The contents of C, H, O and N of biochar were analyzed by an Elementar vario EL (Germany). Ash content was determined as described previously (Chen et al. 2012). The biochar sample was placed in an open-top crucible in a muffle furnace. The temperature was raised to 800 °C at 5 °C min−1 and then held for 4 h. The furnace was allowed to cool to room temperature. Ash referred to the residue remaining in the crucible. The functional groups of biochar were characterized by Fourier transform infrared (FTIR) spectral analysis in the 4000–600 cm−1 region using a Thermo Electron NeXus 8700 Spectrophotometer (Waltham, MA, USA) with pressed KBr pellets. The specific surface area and pore size distribution of biochar were measured with N2 adsorption/desorption at liquid nitrogen temperature by a Micromeritics ASAP 2020 M + C (USA). The pH value at the point of zero charge (pHpzc) of biochar was determined by the pH drift method (Yang et al. 2004). Briefly, a mass of 0.06 g of biochar was added to 20 mL of 0.005 M CaCl2 solution with pH ranging from 2.0 to 8.0 in sealed brown glass vials. The vials were shaken at 175 rpm for 24 h to reach equilibrium. Then, the final pH of the solution was determined and compared with the initial pH. The pHpzc was identified as the pH value at the intersection of a measured curve with the pHfinal = pHinitial line.

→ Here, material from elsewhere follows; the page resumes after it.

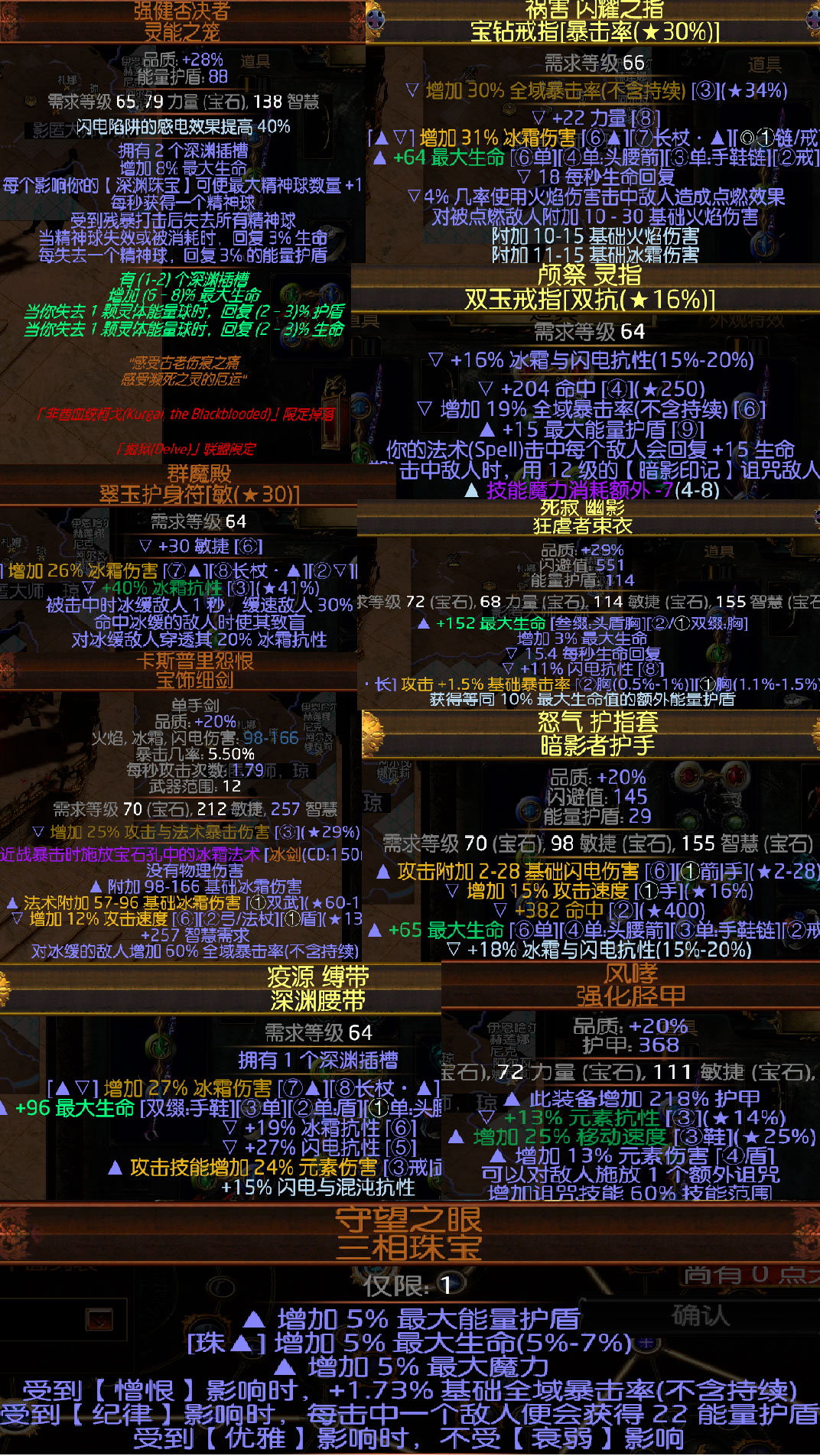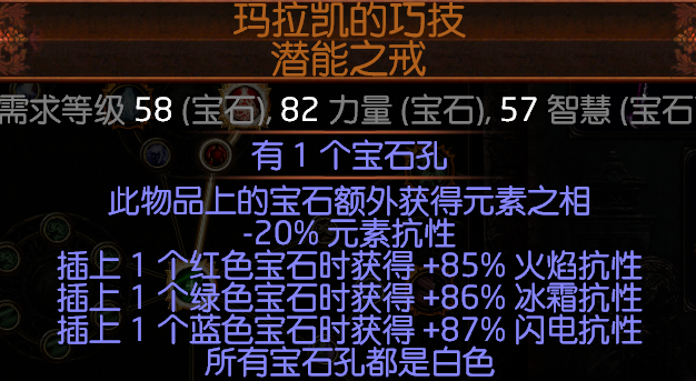 如果用火系,一个戒指的位置可以换成马哥的巧计(集市卖1c),里面放纯净之捷,能获得元素之相50%减火抗。原理是召唤物受到憎恨光环影响获得额外冰伤,用冰伤触发减火抗电抗。攻坚伤害更高。还有火系下极地吐息的冰缓地面也有冰缓效果的,这个冰缓效果也能让冰剑的全域暴击率生效。如果怪物同时被冰缓和点燃,就会变绿。此时药侠就会变成绿王,把小怪从T1绿到T18。

The size distribution of DHA was determined via dynamic light scattering (DLS, Brookhaven ZetaPALS instrument) with an angle of 90 degree to the incident beam. The conformation of DHA was characterized by atomic force microscopy (AFM, Scanning Peak Microscopy, Dimension Icon, Bruker, USA) with a scanning speed of 1.00 Hz. The charge properties of DHA were evaluated by a Nano-Z Zetasizer (Malvern Instruments Ltd.) at different pH values (3.0–9.0). The concentration of DHA was 30 mg L−1 in the characterization.

2.3 Sorption experiments

Sorption of DHA to biochar was investigated by performing batch sorption experiments. A mass of 0.03 g biochar was placed in 40 mL brown glass bottles and then 30 mL of sorbate solution was added. The solid/liquid ratio was chosen to reach approximately 20–80% removal rate of sorbate through pre-experiments. The concentrations of DHA in different solutions (deionized water, 0.01 M NaCl or 0.01 M CaCl2 background electrolyte) ranged from 0 to 14 mg·L−1. The initial solution pH was adjusted to 6.0 ± 0.1 with 0.1 M HCl and/or NaOH. The samples were shaken in a horizontal thermostatic shaker (QYC2112) at 175 rpm and 25 ± 1 °C in the dark to achieve sufficient reaction as described previously (Wu et al. 2020a) and held for 3 d to reach sorption equilibrium. Subsequently, the samples were centrifuged (3000 rpm for 10 min) and the supernatants were filtered through a 0.45 μm sterilized membrane. Finally, the aqueous DHA concentration was determined. All experiments were performed in duplicate. No obvious solute loss (< 2%) by the sterilized membrane was detected. Blanks without biochar were set to determine the minor loss (< 1%) of solute in degradation or sorption by glass bottles.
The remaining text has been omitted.